Japanese atomic bomb survivors depart for Nobel Peace Prize ceremony
A group of Japanese atomic bomb survivors representing Nobel Peace Prize-winning group Nihon Hidankyo left Tokyo on Sunday for Oslo where they will attend the award ceremony, Kyodo reports.
Terumi Tanaka of the Japan Confederation of A- and H-Bomb Sufferers Organizations, who will deliver a speech at Tuesday's ceremony, said ahead of his departure, "I would like to talk about the survivors' campaign that has continued to demand that nuclear weapons must be abolished."
The delegation will total 30 people, including 17 atomic bomb survivors from Japan and elsewhere, according to Hidankyo.

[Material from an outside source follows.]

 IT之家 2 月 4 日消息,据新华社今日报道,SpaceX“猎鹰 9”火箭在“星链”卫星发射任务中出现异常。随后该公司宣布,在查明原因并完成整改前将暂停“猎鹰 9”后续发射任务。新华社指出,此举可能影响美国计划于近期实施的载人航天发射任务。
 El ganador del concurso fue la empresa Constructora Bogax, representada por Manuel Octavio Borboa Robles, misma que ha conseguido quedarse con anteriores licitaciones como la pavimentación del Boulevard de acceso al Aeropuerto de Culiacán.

Hidankyo, founded over a decade after the 1945 U.S. atomic bombing on Hiroshima and Nagasaki, received the award this year "for its efforts to achieve a world free of nuclear weapons and for demonstrating through witness testimony that nuclear weapons must never be used again," according to the Norwegian Nobel Committee.

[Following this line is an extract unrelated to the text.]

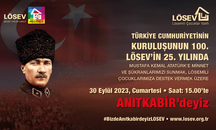 Cumhuriyetimizden aldığımız güçle ve inançla, 30 Eylül’de Ulu Önderimiz Gazi Mustafa Kemal Atatürk’e, sevgi, saygı ve minnetlerimizi sunmak üzere Ankara’da Lösemi ve kanser hastası iyileşmiş çocuklarımız ve aileleri, iyileşmiş gençlerimiz, bağışçılarımız ve gönüllülerimizle Atamızın Huzurunda bir araya geliyoruz.

The Hidankyo delegation is planning to share the stories of the bombing at local senior high schools and universities before departing the Nordic country on Thursday.
The atomic bombs that exploded over Hiroshima and Nagasaki killed an estimated 140,000 and 74,000 people, respectively, by the end of 1945. Japan surrendered six days after the bombing of Nagasaki, bringing an end to World War II.
Many survivors were left grappling with long-term physical and mental health challenges.